The list of stress-related models that have been successfully used to establish approximate correlates of human disease is long and steadily growing. Evidence for the role of stress as (at the minimum) precipitating factor in depression and has encouraged the extensive transfer of stress paradigms into models of this disease. Posttraumatic stress disorder is another major area for the translational application of experimental stress models. Stress-based paradigms have a firm place in the arsenal of methods for realistic modeling of alcohol and drug addiction, withdrawal, and relapse. Knowledge accumulated in stress research has been implicated in models of eating disorders, aggression, and self-destructive behavior. Increasing understanding of specific stress-related consequences in vital physiological systems has opened new possibilities for the modeling of cardiovascular, gastrointestinal, and, more recently, metabolic conditions. The profound projections of stress to the regulation of the immune responsiveness and reproduction form a solid rationale for the use of stress paradigms in investigations of the pathogenesis of inflammatory/immune disorders and reproductive disturbance.

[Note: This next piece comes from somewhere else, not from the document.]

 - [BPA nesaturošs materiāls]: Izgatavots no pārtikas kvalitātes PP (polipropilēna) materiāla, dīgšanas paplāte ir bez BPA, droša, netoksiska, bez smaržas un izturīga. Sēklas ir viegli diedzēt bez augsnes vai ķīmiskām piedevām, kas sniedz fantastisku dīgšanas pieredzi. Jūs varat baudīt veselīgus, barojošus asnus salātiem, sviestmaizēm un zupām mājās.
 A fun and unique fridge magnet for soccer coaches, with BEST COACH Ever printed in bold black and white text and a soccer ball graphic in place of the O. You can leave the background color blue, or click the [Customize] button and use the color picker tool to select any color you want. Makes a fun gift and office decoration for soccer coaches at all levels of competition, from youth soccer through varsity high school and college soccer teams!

Conclusions: the perfect model

Under laboratory conditions, stress can be readily emulated through numerous modalities. Nevertheless, stress modeling is associated with considerable problems casting doubts on the quality of results and the validity of conclusions.

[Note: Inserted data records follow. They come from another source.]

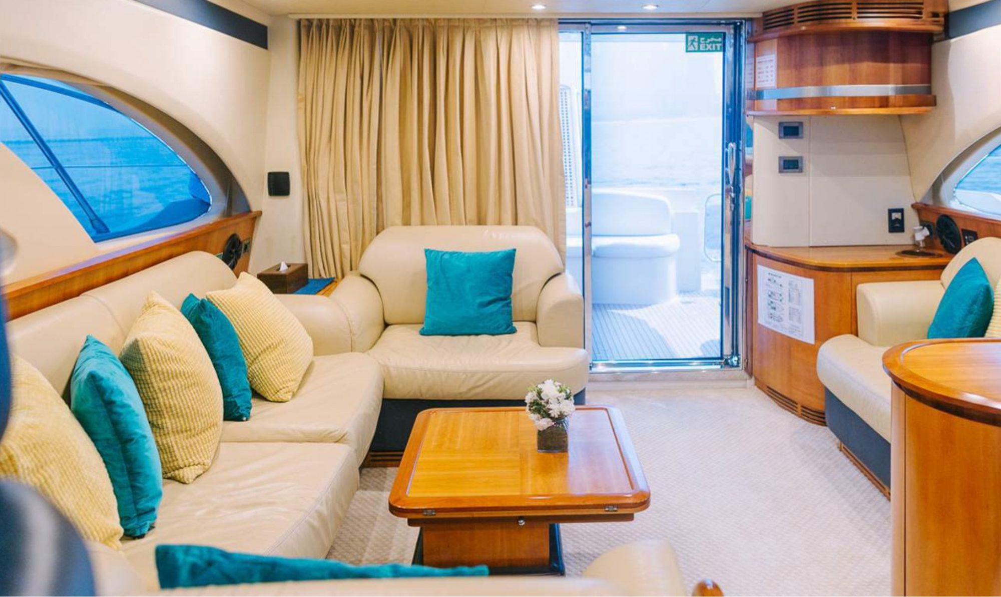 - Striking Exterior Profile: The yacht’s sleek, modern profile is instantly recognizable as an Azimut, offering a stylish presence as you cruise past iconic Dubai landmarks .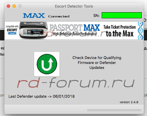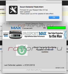 2.4.9 это точно версия прошивки, а не Escort Detector Tools? В меню самого РД номер прошивки никак не отображается?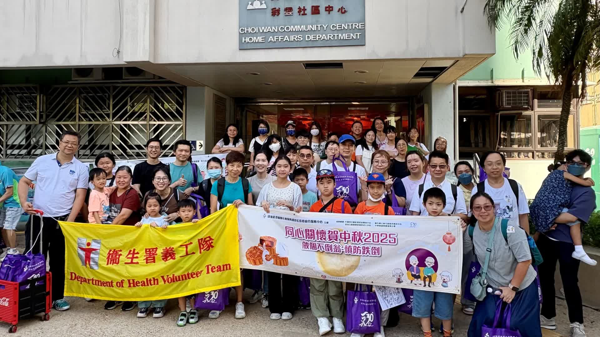 衞生署義工隊50名成員在9月27日亦參加了循道衞理楊震社會服務處—彩虹長者綜合服務中心舉辦的「同心關懷賀中秋2025」,探訪區內66名獨居或雙老同住長者,並送上中秋節禮物及提醒長者家居安全的重要性,讓他們在佳節感受到社會的關心和祝福。

Several essential features of allostatic responses, such as variable amplitude, sensitization, and habituation, and complex interactions between their mechanisms preclude the existence of perfect models. Besides adherence to general precautions that guarantee the reproducibility of experimental data (eg, animal strain, sex, age, source, ambient conditions, staff skills, etc), preemptive consideration of certain issues may improve the design and performance of animal models of stress. What is the temporal profile of the selected outcome? Is the stressor capable of eliciting coincident changes in several systems? Are there confounding interactions between simultaneously activated responses? Can effects be obscured by physiological oscillations of the baseline of the selected parameter? Are the responses of interest subject to rapidly evolving habituation or cross-sensitization? What are the physiological limits of the system used for response monitoring? This catalogue can be extended depending on the experimental objective and investigator's concerns.

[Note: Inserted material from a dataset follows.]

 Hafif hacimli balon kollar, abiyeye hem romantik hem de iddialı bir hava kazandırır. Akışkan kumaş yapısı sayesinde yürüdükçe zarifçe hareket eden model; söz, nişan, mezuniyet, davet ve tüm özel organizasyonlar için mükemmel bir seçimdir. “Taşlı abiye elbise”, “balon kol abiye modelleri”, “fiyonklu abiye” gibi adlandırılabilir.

Research areas with a long and successful history, such as the biology of stress, persuade scientists to rely unreservedly on the validity and reliability of frequently used “hallmark” techniques and experimental models. One of our intentions was to underline that the complexity of the stress response may produce variable outcomes, even in models that have been established for decades. Thus, adherence to the rule Sapiens nihil affirmat quod non probat may prove more useful than recommendations in favor of, or dissuasion from, the use of specific models and end points.